» Task statement
When you reach the line in the listing below that contains "配合摇杆使用时,通过上下左右", begin returning lines exactly as written, and stop after the line that contains "78㎡户型三面宽朝南,有独立玄关鞋柜及户外超长储物空间;". Return no other lines.

» Working data

※ ※ ※

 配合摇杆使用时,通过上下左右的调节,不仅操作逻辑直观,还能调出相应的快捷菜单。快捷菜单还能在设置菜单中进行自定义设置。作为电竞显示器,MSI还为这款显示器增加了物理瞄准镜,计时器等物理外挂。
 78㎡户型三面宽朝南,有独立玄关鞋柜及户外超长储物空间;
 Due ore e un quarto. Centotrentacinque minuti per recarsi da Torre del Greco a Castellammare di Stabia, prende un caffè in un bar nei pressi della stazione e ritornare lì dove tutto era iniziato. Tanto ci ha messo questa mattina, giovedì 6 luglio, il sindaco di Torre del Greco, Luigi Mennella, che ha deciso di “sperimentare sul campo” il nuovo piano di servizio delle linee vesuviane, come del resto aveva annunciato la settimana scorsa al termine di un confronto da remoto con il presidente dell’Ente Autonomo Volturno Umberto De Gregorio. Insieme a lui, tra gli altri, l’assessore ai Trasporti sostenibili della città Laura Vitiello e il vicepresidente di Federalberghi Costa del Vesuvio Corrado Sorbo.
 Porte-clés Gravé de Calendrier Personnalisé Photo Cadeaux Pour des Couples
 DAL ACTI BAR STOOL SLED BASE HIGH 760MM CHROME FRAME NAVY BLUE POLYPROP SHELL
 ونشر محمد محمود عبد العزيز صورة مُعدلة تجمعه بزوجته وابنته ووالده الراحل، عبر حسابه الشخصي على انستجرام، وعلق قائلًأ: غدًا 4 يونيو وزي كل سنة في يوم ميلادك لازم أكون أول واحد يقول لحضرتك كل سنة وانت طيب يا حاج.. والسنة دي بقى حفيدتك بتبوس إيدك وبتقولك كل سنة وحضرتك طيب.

※ ※ ※

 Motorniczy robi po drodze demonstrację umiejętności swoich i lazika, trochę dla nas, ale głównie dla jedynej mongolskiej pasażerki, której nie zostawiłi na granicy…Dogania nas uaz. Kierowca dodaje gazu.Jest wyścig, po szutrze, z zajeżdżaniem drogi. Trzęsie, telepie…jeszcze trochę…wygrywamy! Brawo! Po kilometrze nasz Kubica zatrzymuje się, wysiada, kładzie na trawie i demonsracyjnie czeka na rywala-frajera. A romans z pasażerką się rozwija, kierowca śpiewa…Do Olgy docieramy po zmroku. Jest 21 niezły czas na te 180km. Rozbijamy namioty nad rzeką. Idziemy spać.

※ ※ ※

» Answer for this exercise
 配合摇杆使用时,通过上下左右的调节,不仅操作逻辑直观,还能调出相应的快捷菜单。快捷菜单还能在设置菜单中进行自定义设置。作为电竞显示器,MSI还为这款显示器增加了物理瞄准镜,计时器等物理外挂。
 78㎡户型三面宽朝南,有独立玄关鞋柜及户外超长储物空间;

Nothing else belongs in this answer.